[Information shown Boundary: Start]

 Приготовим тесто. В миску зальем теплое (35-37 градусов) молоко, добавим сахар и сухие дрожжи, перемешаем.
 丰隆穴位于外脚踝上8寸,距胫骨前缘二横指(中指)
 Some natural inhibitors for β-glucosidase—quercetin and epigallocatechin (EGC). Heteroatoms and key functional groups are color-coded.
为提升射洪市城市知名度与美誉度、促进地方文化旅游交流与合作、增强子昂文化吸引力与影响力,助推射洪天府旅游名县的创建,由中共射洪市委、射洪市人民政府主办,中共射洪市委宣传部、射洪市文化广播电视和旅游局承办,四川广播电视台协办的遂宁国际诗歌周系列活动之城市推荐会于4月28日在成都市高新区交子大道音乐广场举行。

[Information shown Boundary: End]
[Information shown Boundary: Start]

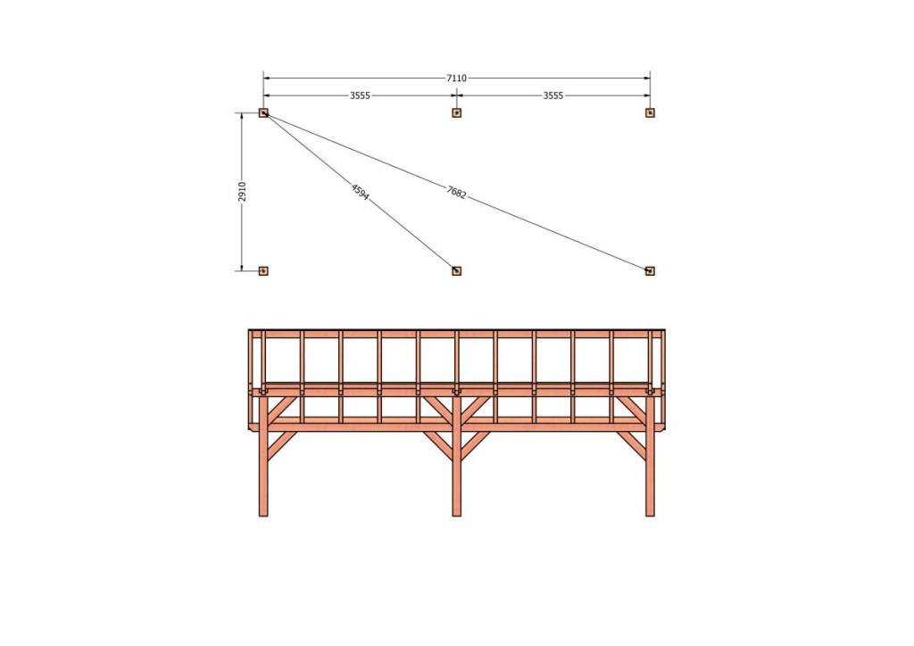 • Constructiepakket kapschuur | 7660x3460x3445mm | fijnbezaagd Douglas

[Information shown Boundary: End]

Starting with the line that holds "Приготовим тесто. В" and ending with the line that holds "Some natural inhibitors", retype every line in the data above exactly, and nothing else.

Written response:
 Приготовим тесто. В миску зальем теплое (35-37 градусов) молоко, добавим сахар и сухие дрожжи, перемешаем.
 丰隆穴位于外脚踝上8寸,距胫骨前缘二横指(中指)
 Some natural inhibitors for β-glucosidase—quercetin and epigallocatechin (EGC). Heteroatoms and key functional groups are color-coded.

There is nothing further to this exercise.